An additional field in which a high degree of synchronization is necessary between the various MR system components is special RF pulses. By a special amplitude modulation of the associated gradient field for slice selection, such special pulses allow the spatial excitation profile to be designed so as to be particularly advantageous. It is thus possible to define the spatial excitation profile particularly sharply. Furthermore, by producing a uniform peak radio-frequency power it is possible to achieve a greater deflection angle of the magnetization from the steady state, and therefore to increase the signal-to-noise ratio given the same radio-frequency exposure. However, it is then necessary to temporally synchronize the gradient fields with the envelope and the radio-frequency portion of the RF pulses particularly precisely in comparison to conventional RF pulses.

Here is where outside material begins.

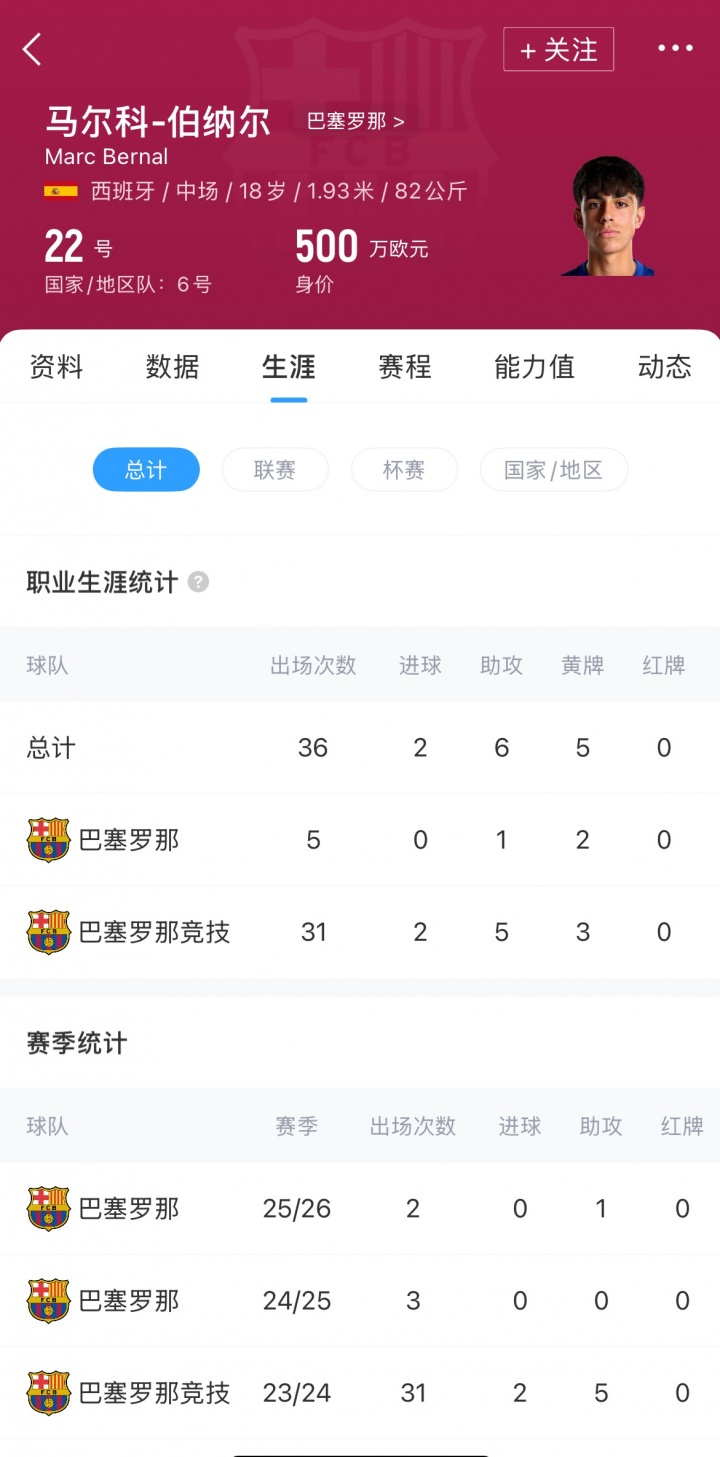 18岁的西班牙中场球员伯纳尔,出自巴萨拉玛西亚青训,苏超免费在线高清视频直播上赛季伯纳尔遭遇十字韧带撕裂,伤缺超过1年时间。本赛季伤愈复出后,伯纳尔已经巴萨出战2场赛事 ,贡献1次助功 ,目前伯纳尔的德回转 价为500万欧元。

For synchronization, methods can be used that enable relative time shifts of the individual components among one another to be measured directly in order to implement a calibration or time compensation based on these. For example, the rising edge of a gradient field is matched optimally precisely with the envelope of an RF pulse, or the envelope of the RF pulse is accordingly matched with the radio-frequency portion.

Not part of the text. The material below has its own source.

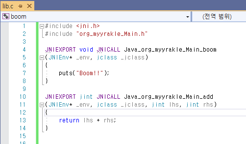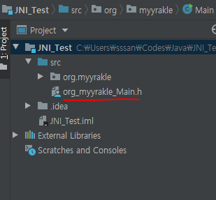 아까 javah로 만든 헤더파일을 가져온다.

A synchronization of these different components conventionally takes place by means of a direct measured detection of the various component parameters, for example in the laboratory (what is known as error analysis). For example, in a design stage or development stage of the MR system the components can be affected such that the different timing signals are analyzed and the individual components are accordingly synchronized. It is thus possible to detect time shifts, for example with an oscilloscope or logic analyzer. Such methods have the disadvantage that different systematic errors can inherently occur due to deficiencies of this compensation measurement and of the compensation method. Such systematic errors are difficult to detect. It is thus not always possible to make all corresponding information of the tested components usable. Defined relevant temporal variables of a computer component for time control—for example a Field Programmable Gate Array (FPGA)—cannot be electronically tapped. Systematic errors can thus arise in the time synchronization: time shifts that have not been detected by the testing at the component level can occur in the implementation of an MR acquisition sequence. Furthermore, it is complicated to implement such methods for every MR system manufactured. A time shift that is MR system-specific and not specific to the model range can accordingly only be synchronized with difficulty by measures such as variation of cable lengths, for example.
Therefore, there is a need to provide an improved method for detection and compensation of a time shift of various components of a magnetic resonance system.